The study population comprised 1,586 subjects who performed combined bronchodilator and corticosteroid reversibility testing in a standardized manner during a 6-yr period (1983 to 1988) at the lung clinic in Copenhagen City. The subjects were selected from a data base with 2,095 patients, from which we excluded those younger than 18 yr of age (36 subjects), not having asthma or COPD (283 subjects), or with missing values essential to our analyses (190 subjects). Asthma was defined by a consultant in pulmonary medicine based on a clinical judgment that included evaluation of variability in airflow obstruction, first appearance of symptoms, history of allergy/atopy, smoking history, and the results of corticosteroid reversibility testing. COPD was defined by a reduced FEV₁/FVC (< 89% of predicted) in the absence of asthma. Vital status of the study population as on 25 September 1997 was obtained from the Danish Civil Registration System. Details of the selection procedure and demographic data have previously been reported (9, 10).

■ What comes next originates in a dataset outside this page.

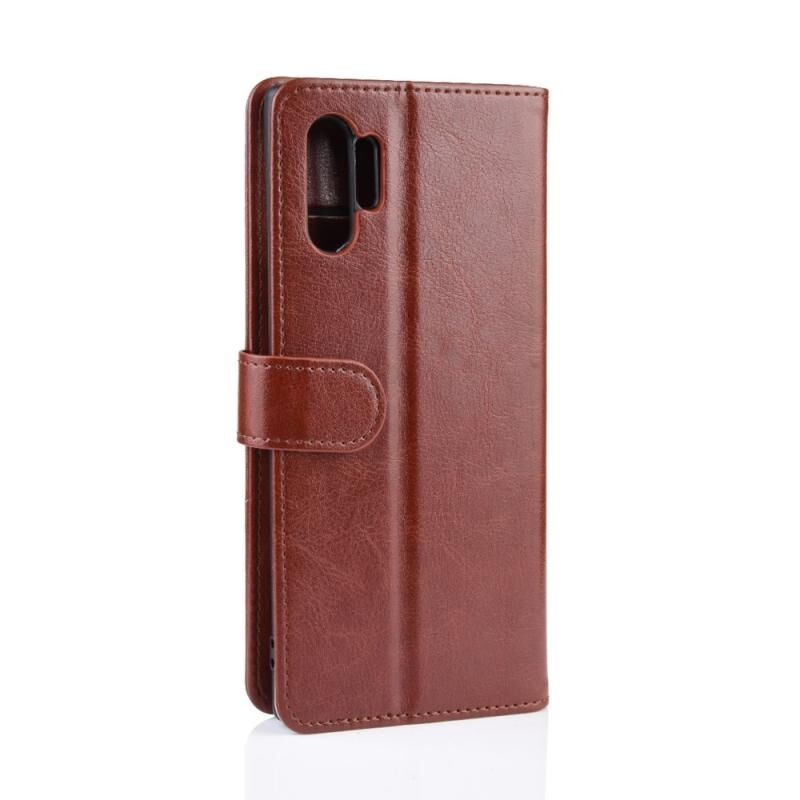 Θήκη δέρματος R64 με μονή αναδίπλωση και οριζόντια αναστροφή για Galaxy Note 10+, με βάση & υποδοχές καρτών & πορτοφόλι (μαύρο)

Pulmonary Function Testing

FEV₁ and FVC were measured using a dry wedge spirometer (Vitalograph Ltd., Buckingham, UK), and the highest value from at least two technically satisfactory maneuvers differing by less than 5% was recorded. Measurements were corrected to BTPS. PEF was measured using a Wright peak flow meter. The best of three readings was recorded. On the first day, FEV₁, FVC, and PEF were recorded before and 30 min after inhalation of salbutamol 0.3 mg and ipratropium bromide 0.06 mg. Patients were subsequently treated with oral prednisone 30 mg daily for 7 d. On the eighth day spirometry was repeated before and after inhalation of salbutamol and ipratropium bromide. No systematic quality control was applied to the spirometers or PEF meters. However, spirometers were controlled approximately every 3 mo as one of the authors (A.K-J.) performed a test maneuver. Leaks were controlled for by routine examination of the FVC plateau for a possible downward slope.

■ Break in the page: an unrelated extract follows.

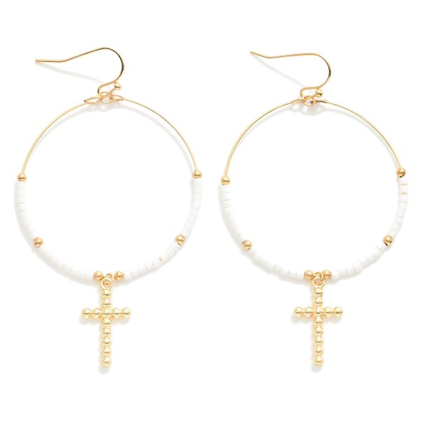 Beaded Wire Hoop Drop Earrings With Ball Cross Charms

Calculations and Data Management

For each individual subject, predicted values of FEV₁, FVC, FEV₁/ FVC, and PEF were calculated using published standard reference equations (11). The actual values were expressed relative to predicted values (% pred). For each lung function variable the individuals best value was defined as the highest of the four readings (two on Day 1 and two on Day 8). BMI was calculated based on self-reported height and weight at the first visit to the lung clinic. In case of doubt or obvious misjudgment, height and weight were measured with indoor clothing, including flat shoes.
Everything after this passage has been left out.